Reproduce each line of the material exactly, minus any picture.
[Records provided Boundary: Start]
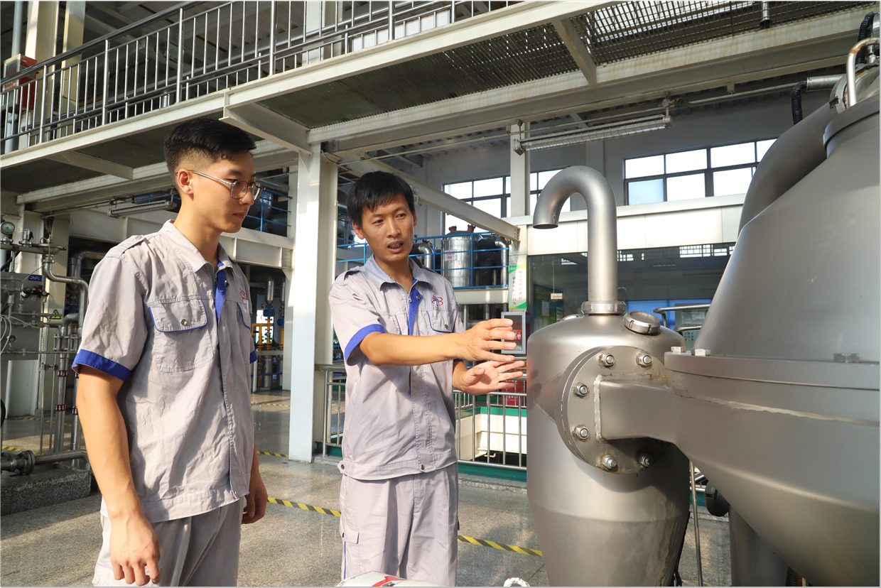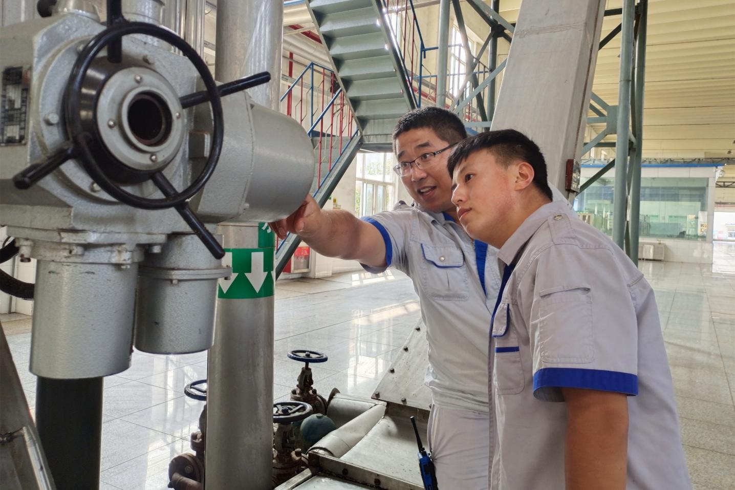 長壽花食品精煉三車間,馬海濤(右)向?qū)O慶金講解設備操作技能,如何做好實時監(jiān)測,優(yōu)化工藝指標,確保高效穩(wěn)定運行。這其中,傳授的不僅是技能和經(jīng)驗,還有初心使命和工作理念,也隨之一同入腦入心,扎實開啟“煉好油”的職業(yè)生涯。
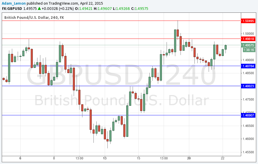 Early yesterday it had looked as though the price broke below the key level of 1.4878, but it subsequently turned around and rose from there, and is now approaching key resistance at 1.4981. There is a wide resistant zone above here stretching all the way up to 1.5050.
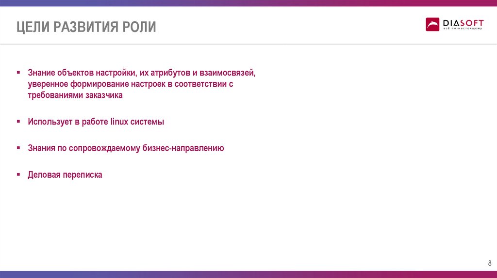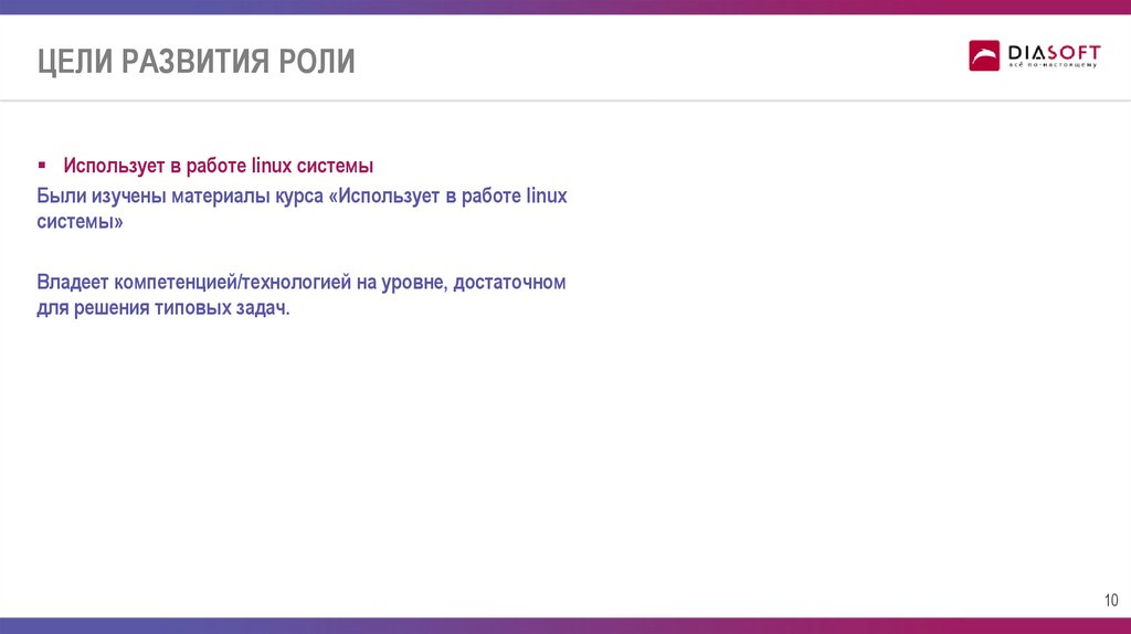 ЦЕЛИ РАЗВИТИЯ РОЛИИспользует в работе linux системы
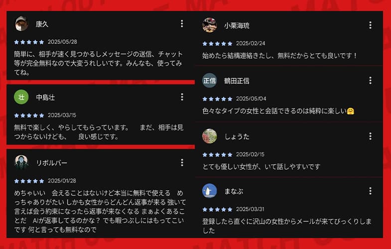 Google Play Storeの高評価レビューでも、無料だからいいといった声や会話できて楽しいといった声ばかりで、出会いについての声はなかったね。
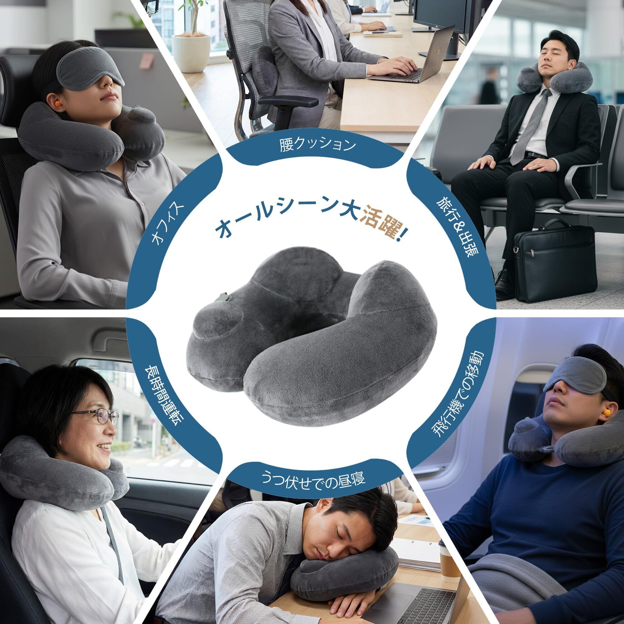 【多用途で便利なグッズ】飛行機やオフィスの休憩はもちろん、昼寝用の枕や、腰・足・腕のサポートクッションとしても活用できます。移動中、自宅、職場…あらゆるシーンで役立つ便利さ。ご自身用はもちろん、家族や友人への贈り物としても最適です。
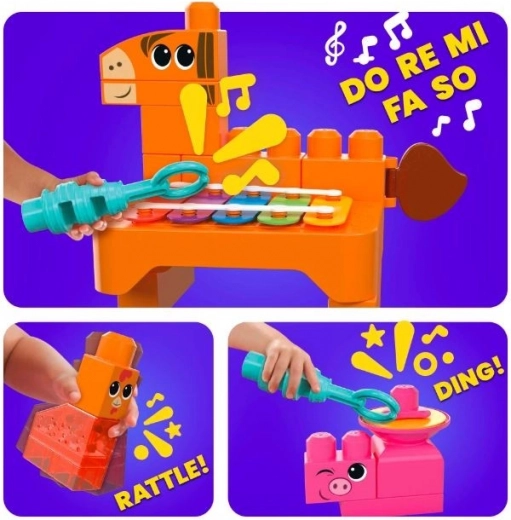 Entdecken Sie die Magie des Bauens mit Mega Bloks Bausteinen, die die sensorische Entwicklung der Kinder unterstützen. Dieses Vorschul-Bauset enthält 45 große Bausteine, die für Kinder im Alter von 1-3 Jahren geeignet sind. Tiere wie Pferd, Kuh oder Küken, jedes bietet ein eigenes Musikelement wie Xylophon, Trommel oder Rassel. Kinder haben nicht nur Spaß, sondern lernen auch, bis zu 6 Lieder zu spielen, was ihre motorischen und kognitiven Fähigkeiten erweitert.
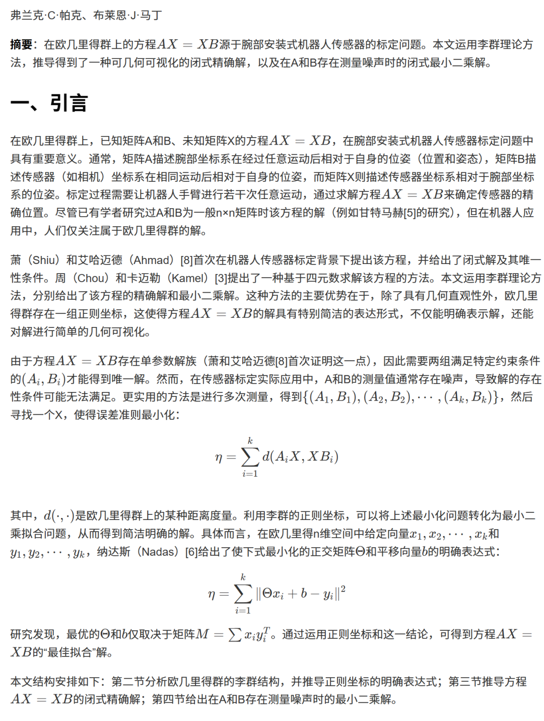 from scipy.linalg import sqrtm # 从 scipy.linalg 库中导入 sqrtm 函数,用于计算矩阵的平方根。from numpy.linalg import inv # 从 numpy.linalg 库中导入 inv 函数,用于计算矩阵的逆。import numpy # 导入 numpy 库,用于进行科学计算,特别是多维数组操作。from numpy import dot, eye, zeros, outer # 从 numpy 库中导入常用的函数:dot(点积), eye(单位矩阵), zeros(零矩阵), outer(外积)。from numpy.linalg import inv # 再次从 numpy.linalg 库中导入 inv 函数(重复导入,但不影响功能)。# 定义第一个测量对中的矩阵 A1A1 = numpy.array([[-0.989992, -0.14112, 0.000, 0], # 矩阵的第一行 [0.141120 , -0.989992, 0.000, 0], # 矩阵的第二行 [0.000000 , 0.00000, 1.000, 0], # 矩阵的第三行 [0 , 0, 0, 1]]) # 矩阵的第四行(齐次坐标)# 定义第一个测量对中的矩阵 B1B1 = numpy.array([[-0.989992, -0.138307, 0.028036, -26.9559], # 矩阵的第一行 [0.138307 , -0.911449, 0.387470, -96.1332], # 矩阵的第二行 [-0.028036 , 0.387470, 0.921456, 19.4872], # 矩阵的第三行 [0 , 0, 0, 1]]) # 矩阵的第四行(齐次坐标)# 定义第二个测量对中的矩阵 A2A2 = numpy.array([[0.07073, 0.000000, 0.997495, -400.000], # 矩阵的第一行 [0.000000, 1.000000, 0.000000, 0.000000], # 矩阵的第二行 [-0.997495, 0.000000, 0.070737, 400.000], # 矩阵的第三行 [0, 0, 0,1]]) # 矩阵的第四行(齐次坐标)# 定义第二个测量对中的矩阵 B2B2 = numpy.array([[ 0.070737, 0.198172, 0.997612, -309.543], # 矩阵的第一行 [-0.198172, 0.963323, -0.180936, 59.0244], # 矩阵的第二行 [-0.977612, -0.180936, 0.107415, 291.177], # 矩阵的第三行 [0, 0, 0, 1]]) # 矩阵的第四行(齐次坐标)def logR(T): # 定义一个函数 logR,用于计算旋转矩阵的对数映射,即将其转换为旋转向量。 R = T[0:3, 0:3] # 从输入的4x4齐次变换矩阵 T 中提取出3x3的旋转矩阵 R。 theta = numpy.arccos((numpy.trace(R) - 1)/2) # 根据公式计算旋转角度 theta。 logr = numpy.array([R[2,1] - R[1,2], R[0,2] - R[2,0], R[1,0] - R[0,1]]) * theta / (2*numpy.sin(theta)) # 根据罗德里格斯反变换公式,从R和theta计算出旋转向量(轴角表示)。 return logr # 返回计算得到的3x1旋转向量。def Calibrate(A, B): # 定义主标定函数 Calibrate,输入参数为A矩阵列表和B矩阵列表。 n_data = len(A) # 获取测量数据对的数量。 M = numpy.zeros((3,3)) # 初始化一个3x3的零矩阵 M,用于后续计算旋转部分。 C = numpy.zeros((3*n_data, 3)) # 初始化一个(3*n)x3的零矩阵 C,用于构建求解平移的线性方程组。 d = numpy.zeros((3*n_data, 1)) # 初始化一个(3*n)x1的零向量 d,用于构建求解平移的线性方程组。 A_ = numpy.array([]) # 初始化一个空数组 A_(此行代码在后续未使用)。
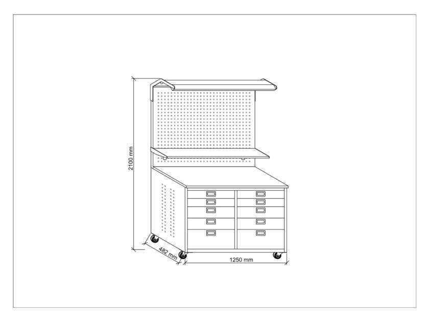 H: 2100 mm W: 1250 mm D: 482 mmDimension
[Records provided Boundary: End]
Problem solution
 長壽花食品精煉三車間,馬海濤(右)向?qū)O慶金講解設備操作技能,如何做好實時監(jiān)測,優(yōu)化工藝指標,確保高效穩(wěn)定運行。這其中,傳授的不僅是技能和經(jīng)驗,還有初心使命和工作理念,也隨之一同入腦入心,扎實開啟“煉好油”的職業(yè)生涯。
 Early yesterday it had looked as though the price broke below the key level of 1.4878, but it subsequently turned around and rose from there, and is now approaching key resistance at 1.4981. There is a wide resistant zone above here stretching all the way up to 1.5050.
 ЦЕЛИ РАЗВИТИЯ РОЛИИспользует в работе linux системы
 Google Play Storeの高評価レビューでも、無料だからいいといった声や会話できて楽しいといった声ばかりで、出会いについての声はなかったね。
 【多用途で便利なグッズ】飛行機やオフィスの休憩はもちろん、昼寝用の枕や、腰・足・腕のサポートクッションとしても活用できます。移動中、自宅、職場…あらゆるシーンで役立つ便利さ。ご自身用はもちろん、家族や友人への贈り物としても最適です。
 Entdecken Sie die Magie des Bauens mit Mega Bloks Bausteinen, die die sensorische Entwicklung der Kinder unterstützen. Dieses Vorschul-Bauset enthält 45 große Bausteine, die für Kinder im Alter von 1-3 Jahren geeignet sind. Tiere wie Pferd, Kuh oder Küken, jedes bietet ein eigenes Musikelement wie Xylophon, Trommel oder Rassel. Kinder haben nicht nur Spaß, sondern lernen auch, bis zu 6 Lieder zu spielen, was ihre motorischen und kognitiven Fähigkeiten erweitert.
 from scipy.linalg import sqrtm # 从 scipy.linalg 库中导入 sqrtm 函数,用于计算矩阵的平方根。from numpy.linalg import inv # 从 numpy.linalg 库中导入 inv 函数,用于计算矩阵的逆。import numpy # 导入 numpy 库,用于进行科学计算,特别是多维数组操作。from numpy import dot, eye, zeros, outer # 从 numpy 库中导入常用的函数:dot(点积), eye(单位矩阵), zeros(零矩阵), outer(外积)。from numpy.linalg import inv # 再次从 numpy.linalg 库中导入 inv 函数(重复导入,但不影响功能)。# 定义第一个测量对中的矩阵 A1A1 = numpy.array([[-0.989992, -0.14112, 0.000, 0], # 矩阵的第一行 [0.141120 , -0.989992, 0.000, 0], # 矩阵的第二行 [0.000000 , 0.00000, 1.000, 0], # 矩阵的第三行 [0 , 0, 0, 1]]) # 矩阵的第四行(齐次坐标)# 定义第一个测量对中的矩阵 B1B1 = numpy.array([[-0.989992, -0.138307, 0.028036, -26.9559], # 矩阵的第一行 [0.138307 , -0.911449, 0.387470, -96.1332], # 矩阵的第二行 [-0.028036 , 0.387470, 0.921456, 19.4872], # 矩阵的第三行 [0 , 0, 0, 1]]) # 矩阵的第四行(齐次坐标)# 定义第二个测量对中的矩阵 A2A2 = numpy.array([[0.07073, 0.000000, 0.997495, -400.000], # 矩阵的第一行 [0.000000, 1.000000, 0.000000, 0.000000], # 矩阵的第二行 [-0.997495, 0.000000, 0.070737, 400.000], # 矩阵的第三行 [0, 0, 0,1]]) # 矩阵的第四行(齐次坐标)# 定义第二个测量对中的矩阵 B2B2 = numpy.array([[ 0.070737, 0.198172, 0.997612, -309.543], # 矩阵的第一行 [-0.198172, 0.963323, -0.180936, 59.0244], # 矩阵的第二行 [-0.977612, -0.180936, 0.107415, 291.177], # 矩阵的第三行 [0, 0, 0, 1]]) # 矩阵的第四行(齐次坐标)def logR(T): # 定义一个函数 logR,用于计算旋转矩阵的对数映射,即将其转换为旋转向量。 R = T[0:3, 0:3] # 从输入的4x4齐次变换矩阵 T 中提取出3x3的旋转矩阵 R。 theta = numpy.arccos((numpy.trace(R) - 1)/2) # 根据公式计算旋转角度 theta。 logr = numpy.array([R[2,1] - R[1,2], R[0,2] - R[2,0], R[1,0] - R[0,1]]) * theta / (2*numpy.sin(theta)) # 根据罗德里格斯反变换公式,从R和theta计算出旋转向量(轴角表示)。 return logr # 返回计算得到的3x1旋转向量。def Calibrate(A, B): # 定义主标定函数 Calibrate,输入参数为A矩阵列表和B矩阵列表。 n_data = len(A) # 获取测量数据对的数量。 M = numpy.zeros((3,3)) # 初始化一个3x3的零矩阵 M,用于后续计算旋转部分。 C = numpy.zeros((3*n_data, 3)) # 初始化一个(3*n)x3的零矩阵 C,用于构建求解平移的线性方程组。 d = numpy.zeros((3*n_data, 1)) # 初始化一个(3*n)x1的零向量 d,用于构建求解平移的线性方程组。 A_ = numpy.array([]) # 初始化一个空数组 A_(此行代码在后续未使用)。
 H: 2100 mm W: 1250 mm D: 482 mmDimension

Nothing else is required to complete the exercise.